Scientific classification
- Kingdom: Animalia
- Phylum: Chordata
- Class: Aves
- Order: Passeriformes
- Family: Muscicapidae
- Genus: Melaenornis
- Species: M. pammelaina
- Binomial name: Melaenornis pammelaina (Stanley, 1814)

= Southern black flycatcher =

- Genus: Melaenornis
- Species: pammelaina
- Authority: (Stanley, 1814)
- Conservation status: LC

Species of bird

The southern black flycatcher (Melaenornis pammelaina) is a small passerine bird of the genus Melaenornis in the flycatcher family, Muscicapidae, native to open and lightly wooded areas of eastern and southern Africa.

This species has a large range, with an estimated global extent of occurrence of 4000000 km2. The global population size has not been quantified but the bird is listed by the IUCN as being of "Least concern".

==Description==
The southern black flycatcher is entirely black, with a black beak and black legs. The iris of the eye is brown and this, along with the square-cut tail, helps distinguish it from the otherwise similar fork-tailed drongo (Dicrurus adsimilis) which has a red iris and long forked tail.

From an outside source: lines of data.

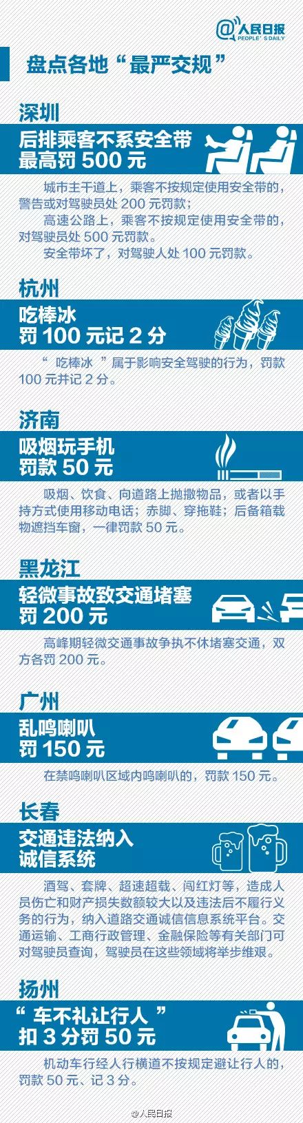 最新交通违法违章处罚大全在这里!别怪我没提醒你... 2017-01-06 14:42 人民日报 0 深圳对后排不系安全带行为开罚,最高罚500元;在杭州,一司机因为吃棒冰开车被罚100元、记2分,同样引发热议。国家规定的交通违法违章行为都包括哪些?各地有哪些严格规定?酒后驾驶怎么罚…… 关于交通违法违章记分、罚款的规定都在这↓↓↓ 转给开车族!
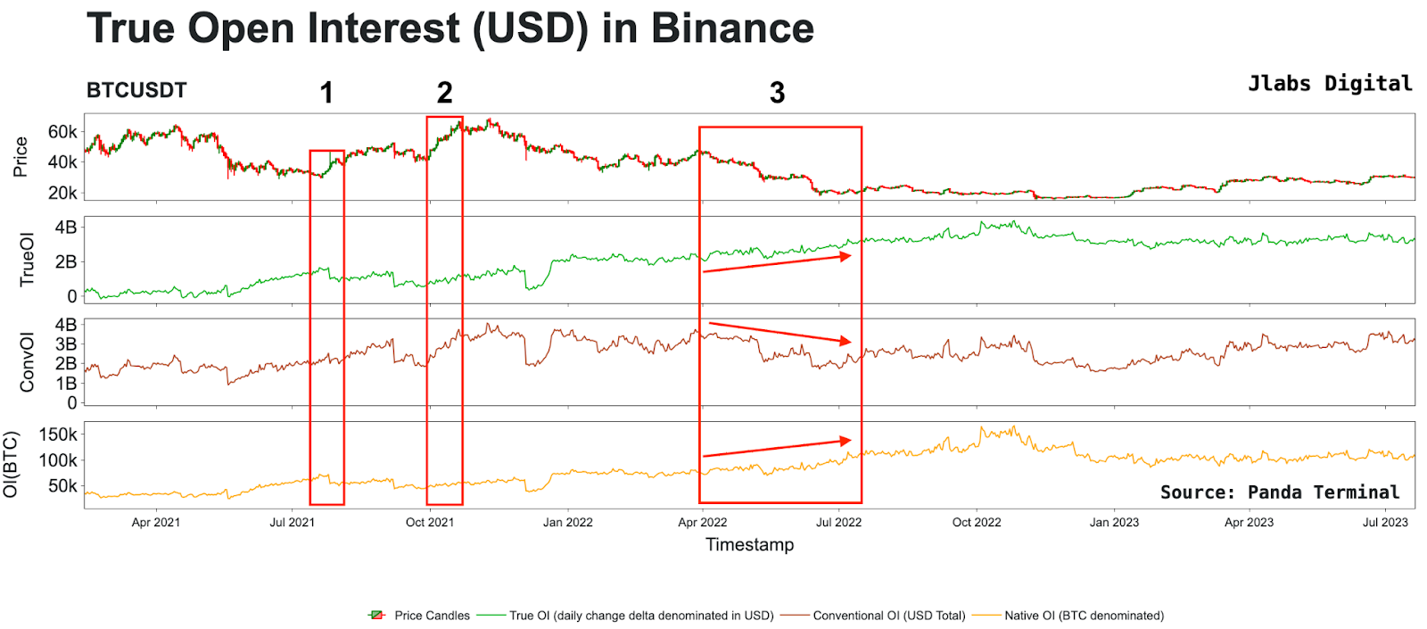 In box 1, we can see price rose, which impacted True OI and OI (BTC), as the price rise resulted in liquidations. But this had no impact on Conventional OI.
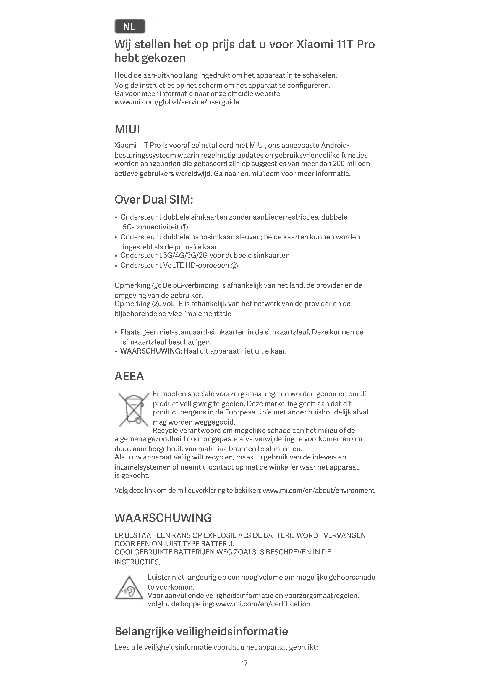 GEBRUIKSAANWIJZING Mi 11T Pro Xiaomi
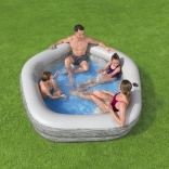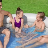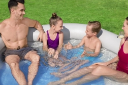 Ciesz się letnim relaksem z narożnym, dmuchanym basenem BESTWAY o wymiarach 213 × 206 × 53 cm. Oferuje szybkie pompowanie i spuszczanie wody, stabilną konstrukcję z dwiema komorami powietrznymi, szerokie miękkie ścianki do wygodnego oparcia, zintegrowane dmuchane oparcia z poduszkami oraz uchwyty na napoje. Świetny wybór do rodzinnego relaksu w ogrodzie.
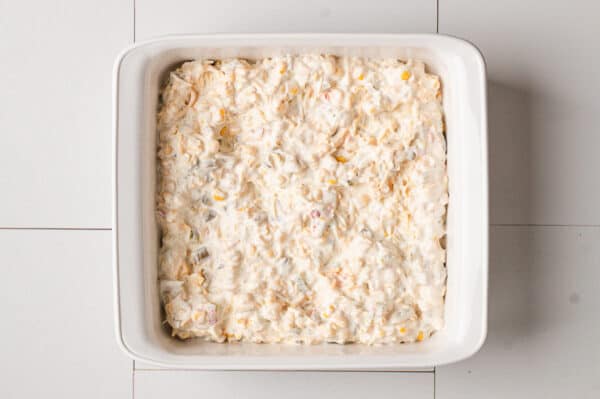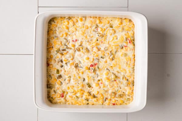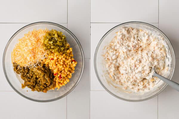 - Add in chopped pickled Jalapeño peppers, drained diced chiles, drained sweet corn & diced peppers, and shredded Mexican blend cheese; stir to combine until incorporated.

==Distribution and habitat==
The southern black flycatcher is native to eastern and southern Africa. It has been recorded from Somalia, Kenya, Uganda, Tanzania, Rwanda, Burundi, Congo, the Democratic Republic of the Congo, Angola, Namibia, Eswatini, Botswana, Malawi, Mozambique, Zambia, Zimbabwe, Lesotho and South Africa. It is typically found in habitats with open areas and light woodland, riparian corridors, the edges of plantations and in gardens. The trees in these habitats include miombo (Brachystegia spp.), thorntrees (Acacia spp.) and mopane (Colosphermum mopane).

==Behaviour==
The southern black flycatcher is a mainly insectivorous bird. Its diet includes beetles, termites, locusts, worms, spiders and centipedes. Its main foraging technique is to perch on a low eminence such as a branch or fence post and pounce on prey in the air or on the ground below. It is also known to sip nectar from the flowers of mountain aloe (Aloe marlothii) and to eat the berries of the black nightshade (Solanum nigrum). It sometimes forages in small flocks, often associating with fork-tailed drongos. Possible benefits for this association is a lower predation risk and a higher foraging success.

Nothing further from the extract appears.